AllenInstitute / AllenSDK

code for reading and processing Allen Institute for Brain Science data
https://allensdk.readthedocs.io/en/latest/
Other
340 stars 149 forks source link

Address issues with mFish, suite2p segmented data in the SDK #2464

Closed morriscb closed 2 years ago

morriscb commented 2 years ago

Got a email from Marina regarding an issue with loading files.

Hey Chris, I can see that new outputs have been generated for the experiments you re-ran, but I am unable to load the data via the SDK. I am getting some key error (full error message in screenshots below) saying that the key ‘filepath’ is incorrect.

I noticed that there is a new roi_traces.h5 file in the ‘processed’ directory in lims for this specific experiment, and that there is also an roi_traces.h5 in the main experiment directory. This makes me wonder whether the output files are being saved to a different location such that the lims well known file is pointing to the wrong thing? Or some other such thing that could cause lims to not be able to find some file. Just a wild guess.

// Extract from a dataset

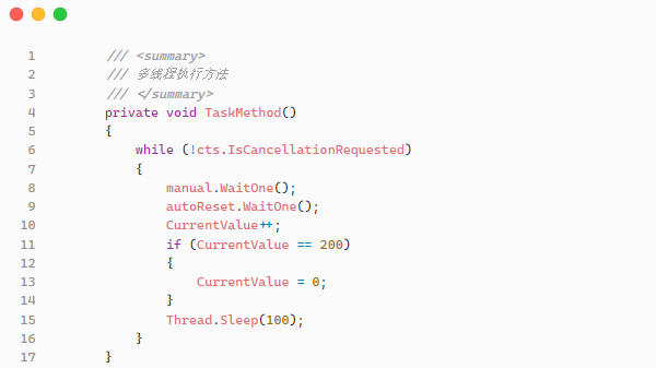 暂停继续的使用除了ManualResetEvent,还有一个AutoResetEvent,AutoResetEvent和ManualResetEvent的用法基本上是一样的,这里就不过多赘述,大家可以自己尝试一下。

On the bright side, when I load one of the new roi_traces.h5 or experiment_dff.h5 files that was generated yesterday, I can see that there are >60 traces, which means there were plenty of ROIs segmented, which is a big step forward! When I plot the traces from the manually loaded file, some of them look normal-ish, but many of them look like noise, which is probably because we haven’t applied a classifier yet (which is fine at this point).

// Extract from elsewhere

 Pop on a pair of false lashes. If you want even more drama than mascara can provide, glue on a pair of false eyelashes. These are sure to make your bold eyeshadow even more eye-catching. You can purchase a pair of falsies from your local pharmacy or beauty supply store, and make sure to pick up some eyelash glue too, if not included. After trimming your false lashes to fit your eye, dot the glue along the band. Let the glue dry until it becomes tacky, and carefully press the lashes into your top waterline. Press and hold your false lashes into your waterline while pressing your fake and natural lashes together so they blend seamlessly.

Heres an example of a trace from manually loaded file: image.png

morriscb commented 2 years ago

Scott's comment is that this is due to the SDK expecting data products from legacy segmentation to be present. As we aren't running these legacy pipelines for these data, the failures are not unexpected. A meeting with Marina to get requirements for running and what is "done" will help. #2458

The line of code that is actually failing for Marina is failing on this query

                SELECT
                    wkf.storage_directory || wkf.filename AS filepath,
                    wkft.name as wkfn
                FROM ophys_experiments oe
                JOIN ophys_cell_segmentation_runs ocsr
                ON ocsr.ophys_experiment_id = oe.id
                JOIN well_known_files wkf ON wkf.attachable_id = ocsr.id
                JOIN well_known_file_types wkft
                ON wkft.id = wkf.well_known_file_type_id
                WHERE ocsr.current = 't'
                AND wkf.attachable_type = 'OphysCellSegmentationRun'
                AND wkft.name IN ('OphysMaxIntImage',
                    'OphysAverageIntensityProjectionImage')
                AND oe.id = {};

Those OphysMaxIntImage, OphysAverageIntensityProjectionImage reek of legacy motion correction/segmentation to me.

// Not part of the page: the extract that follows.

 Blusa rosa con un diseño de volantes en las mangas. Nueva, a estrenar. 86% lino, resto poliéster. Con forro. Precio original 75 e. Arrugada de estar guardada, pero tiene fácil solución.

So, I think the actual problem is that trying to load a BehaviorSession with the SDK involves trying to load the entire legacy data model as it existed circa March 2021, whereas what we have been trying to support is “just get me some modern traces and worry about the rest later.” Unless that is not what we are trying to support right now and we really do need to get every data structure for learning-mFISH in a state such that the SDK can load it.

This is probably something we need to talk about (defining “doneness” for this scope of work). I seem to recall Chris suggesting such a conversation somewhere in this thread, but I may be hallucinating that.

Cheers,

morriscb commented 2 years ago

After chatting to Marina, she said she would send me the notebook she used to access the SDK so I can test loading the data and any modifications we make to it.

morriscb commented 2 years ago

I terms of fixing this issue, the plan currently is to modify the LIMS query to attempt to load the suite2p motion correction projection images first and then failing that default to loading the legacy segmentation projection images. mFish will currently work on this as a branch and if we get the okay from stake holders, merge this into a future verion of the SDK.

morriscb commented 2 years ago

Issues fixed by updating LIMS to write up both the average and max image in the suite2p motion correction queue and adding the query for those images to LIMS.